Problem to work on: Below are some records. Return exactly their lines from the one containing "From Render to" through the one containing "1. 煙臺市地雷戰(zhàn", and drop the pictures.

Data under study:
★ ★ ★

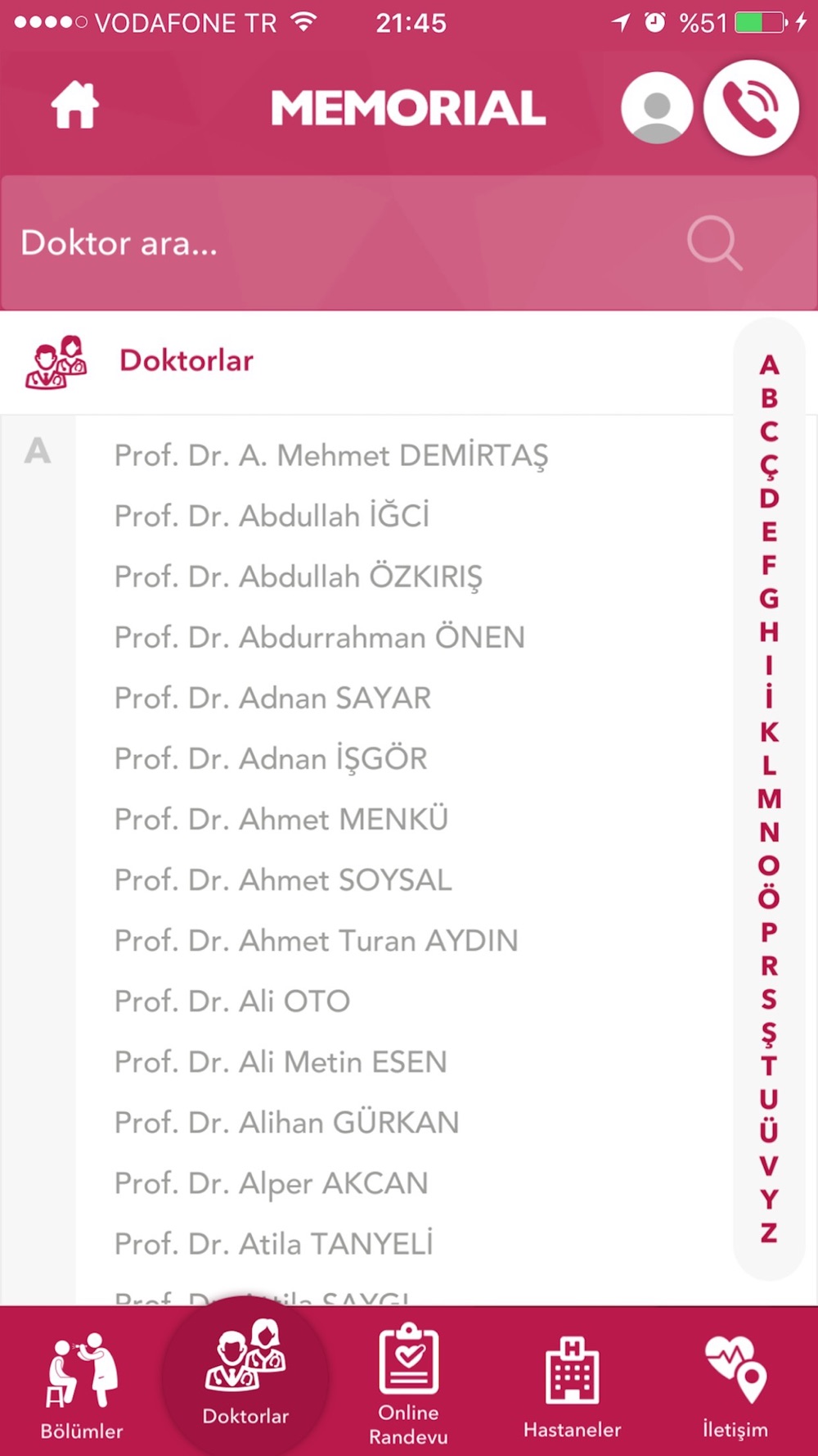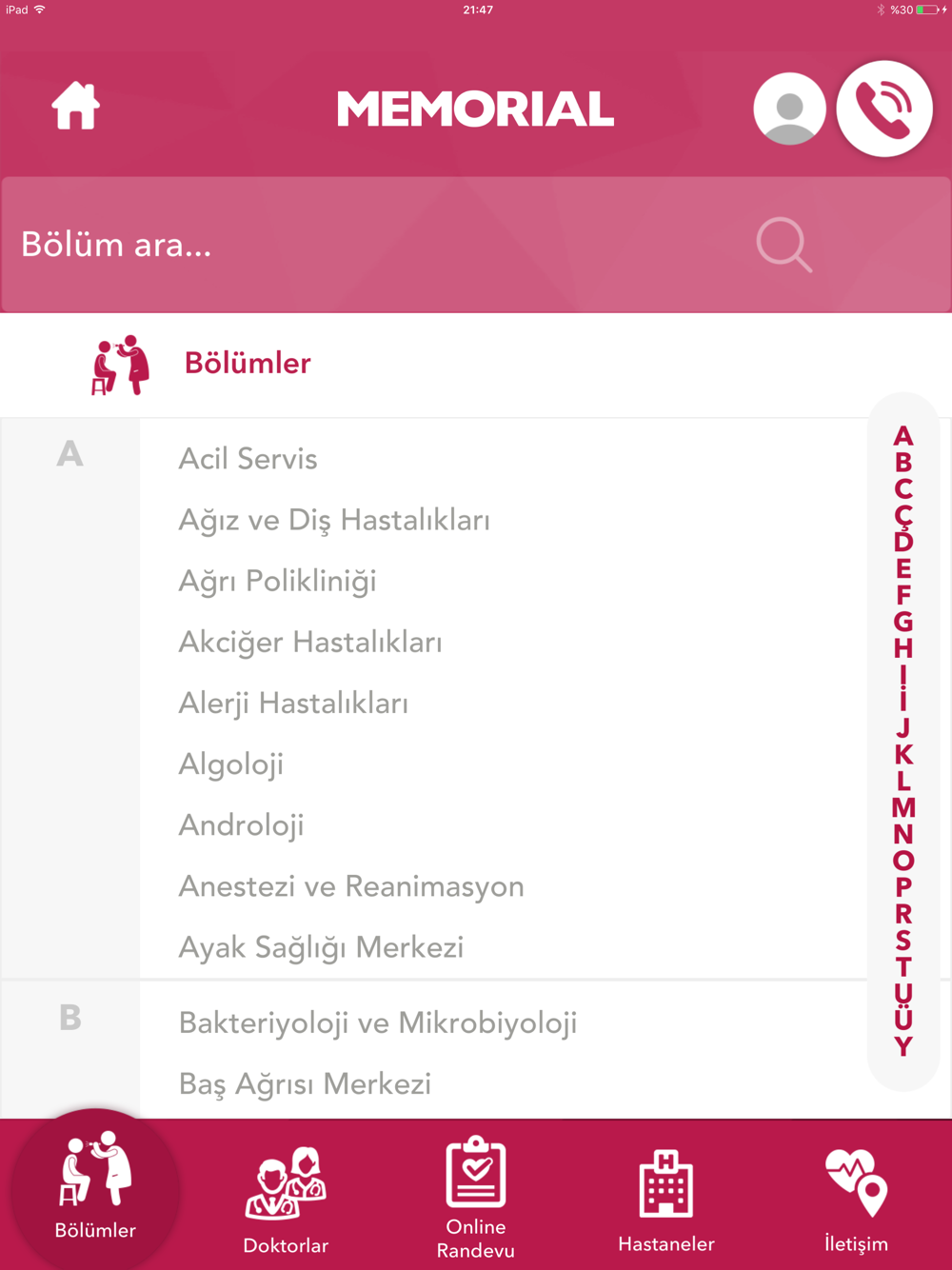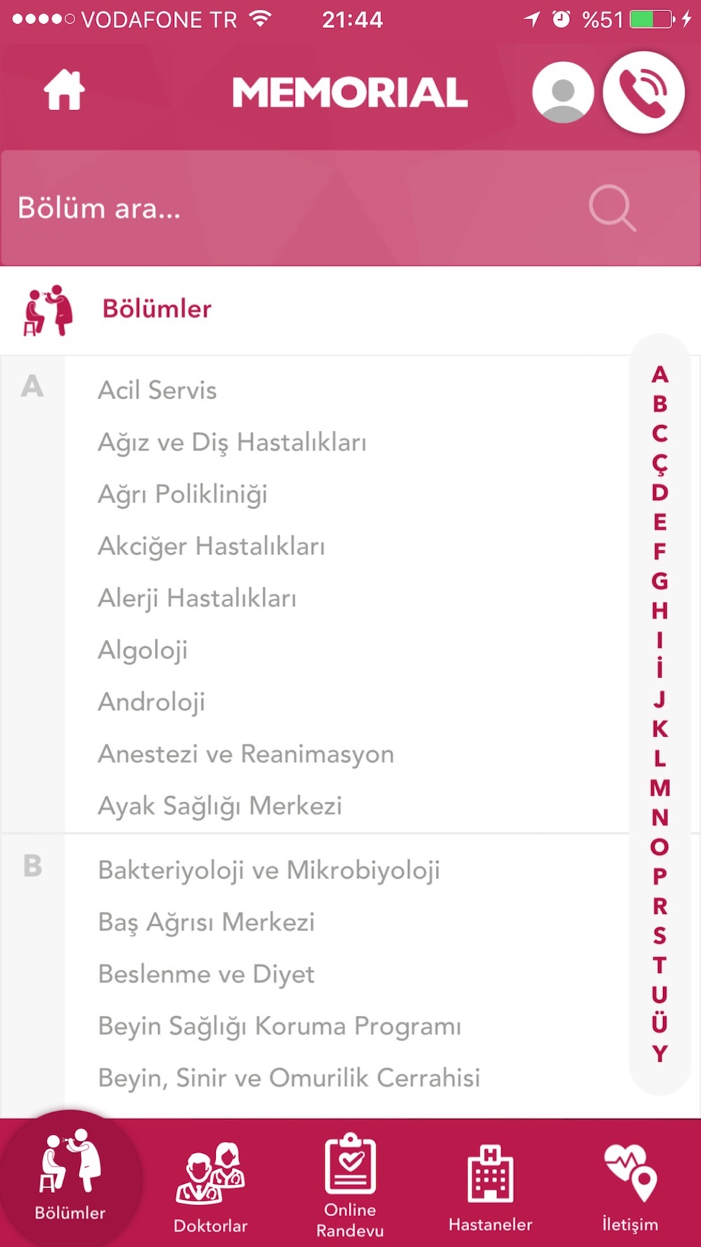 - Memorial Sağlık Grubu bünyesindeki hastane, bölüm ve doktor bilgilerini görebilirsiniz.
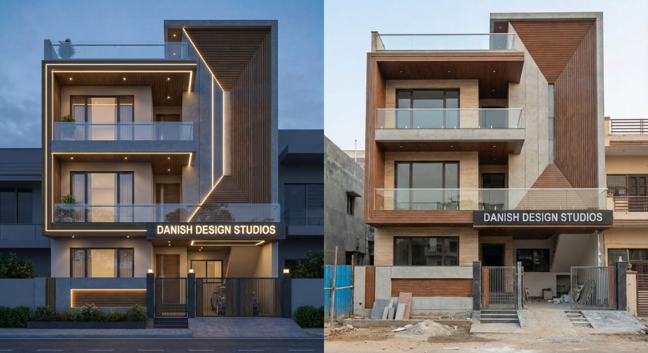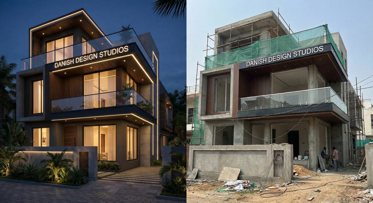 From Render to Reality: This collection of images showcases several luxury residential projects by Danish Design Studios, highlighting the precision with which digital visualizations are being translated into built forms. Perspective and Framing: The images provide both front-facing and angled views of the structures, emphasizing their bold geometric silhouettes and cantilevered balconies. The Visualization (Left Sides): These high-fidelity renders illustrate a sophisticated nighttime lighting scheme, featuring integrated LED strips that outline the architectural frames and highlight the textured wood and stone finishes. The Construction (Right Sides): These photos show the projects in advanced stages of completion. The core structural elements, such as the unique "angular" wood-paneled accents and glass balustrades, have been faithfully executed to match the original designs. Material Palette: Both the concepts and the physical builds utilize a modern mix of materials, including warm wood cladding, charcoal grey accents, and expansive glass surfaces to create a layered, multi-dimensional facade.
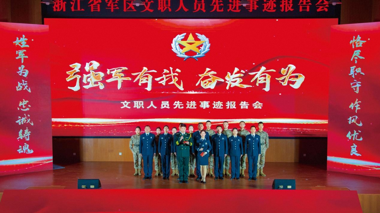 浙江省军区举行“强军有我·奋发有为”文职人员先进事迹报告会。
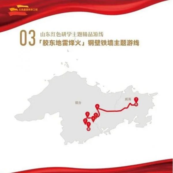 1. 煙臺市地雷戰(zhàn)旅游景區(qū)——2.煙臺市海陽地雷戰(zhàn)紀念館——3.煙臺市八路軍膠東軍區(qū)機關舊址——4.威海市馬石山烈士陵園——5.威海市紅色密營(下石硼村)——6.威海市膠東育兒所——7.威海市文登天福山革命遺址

★ ★ ★

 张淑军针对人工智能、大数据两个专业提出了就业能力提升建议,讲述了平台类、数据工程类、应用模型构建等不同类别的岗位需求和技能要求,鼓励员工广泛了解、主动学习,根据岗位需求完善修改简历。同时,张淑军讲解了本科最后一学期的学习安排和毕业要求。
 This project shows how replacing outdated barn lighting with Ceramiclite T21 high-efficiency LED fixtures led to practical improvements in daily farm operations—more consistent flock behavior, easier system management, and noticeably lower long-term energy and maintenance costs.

★ ★ ★

Response:
 From Render to Reality: This collection of images showcases several luxury residential projects by Danish Design Studios, highlighting the precision with which digital visualizations are being translated into built forms. Perspective and Framing: The images provide both front-facing and angled views of the structures, emphasizing their bold geometric silhouettes and cantilevered balconies. The Visualization (Left Sides): These high-fidelity renders illustrate a sophisticated nighttime lighting scheme, featuring integrated LED strips that outline the architectural frames and highlight the textured wood and stone finishes. The Construction (Right Sides): These photos show the projects in advanced stages of completion. The core structural elements, such as the unique "angular" wood-paneled accents and glass balustrades, have been faithfully executed to match the original designs. Material Palette: Both the concepts and the physical builds utilize a modern mix of materials, including warm wood cladding, charcoal grey accents, and expansive glass surfaces to create a layered, multi-dimensional facade.
 浙江省军区举行“强军有我·奋发有为”文职人员先进事迹报告会。
 1. 煙臺市地雷戰(zhàn)旅游景區(qū)——2.煙臺市海陽地雷戰(zhàn)紀念館——3.煙臺市八路軍膠東軍區(qū)機關舊址——4.威海市馬石山烈士陵園——5.威海市紅色密營(下石硼村)——6.威海市膠東育兒所——7.威海市文登天福山革命遺址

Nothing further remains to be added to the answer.